‘Smart working used to be an aspiration – now it is government policy’

The government has issued a ‘call to arms’ for experts to help Whitehall make a shift to smarter working practices

Adopting smarter working practices across Whitehall is no longer desirable, according to the government’s programme director for smart working Martin Sellar.

Instead, it is an absolute imperative, and is backed by government policy mandating the implementation of remote-working practices and mobile technology tools.

Sellars’ team, which is housed within the Government Property Agency, is tasked with spearheading the drive to smarter working across the civil service. This process is being kick-started by a “baselining” exercise to assess the sophistication – or otherwise – of departments’ existing smart-working set-ups.

To help make the vision of a smarter-working future a reality, Sellar is looking to assemble a coalition of specialists willing to share expertise with each other and with those spearheading the remote-working agenda.

“We are coordinating and facilitating this call to arms; we want access to a network of experts,” he says. “We want to build this network of experts across the public sector – from central government, executive agencies, arm’s-length bodies [and others]. We are only ever going to be a small central team driving this.”

For all the areas of the business we had a sponsor at SCS level… then we had change champions embedded within teams

Sellar and his unit will be driving government towards the ambitious targets laid out in the Government Estate Strategy published this summer. 

By 2020, the government expects 70% of departments and other agencies to comply with the Smart Code Working Code of Practice of the British Standards Institute.

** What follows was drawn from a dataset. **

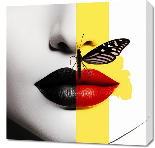 Obraz z serii abstrakcja zatytułowany Motyla Piękność. Ten obraz przedstawia twarz kobiety podzieloną na dwa kontrastujące segmenty: jeden w czerni i bieli, drugi w żywych kolorach z motylem na ustach. Ilustracja eksploruje temat dualizmu natury ludzkiej, piękna i jego zmienności. Obraz ten jest idealnym wyborem dla przestrzeni o współczesnym designie, takich jak salony piękności, studia artystyczne, a także jako wyrazisty element dekoracyjny w nowoczesnych domach.
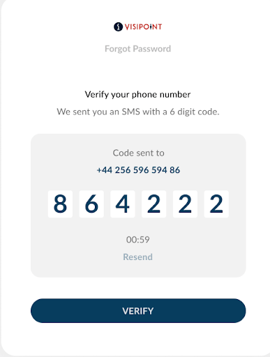 After you fill in your phone number and click send you’ll be presented with this page. You will then be sent an SMS with a code to input on the page. This code will only be valid for 60 seconds.

A compliance target of 100% has been set for 2022.

One department that has led the way is the Home Office, where Sellar worked from 2015 to 2018, leading the organisation’s project to implement smart working. He told attendees at the recent Public Sector: Smart Working summit – hosted by PublicTechnology – that, before implementing smarter-working practices on such a large scale, it is crucial to cultivate a clear plan and secure support from senior management.

“We spoke to the Cabinet Office, and we created a vision at the starting point [in 2015],” Sellar says. “We iterated a strategy with the board – that corporate leadership is absolutely key; they need to be walking the talk.”

Working in the here and now
The overall vision for smart working should comprise three foundational strands, he adds: people; technology; and workspaces.

The first of these should focus on “getting the right policies in place”, Sellar says. For the Home Office, this began with defining seven core user profiles: behind the scenes; out and about; speed checkers; office everywhere; technologists; always on; and front of house. 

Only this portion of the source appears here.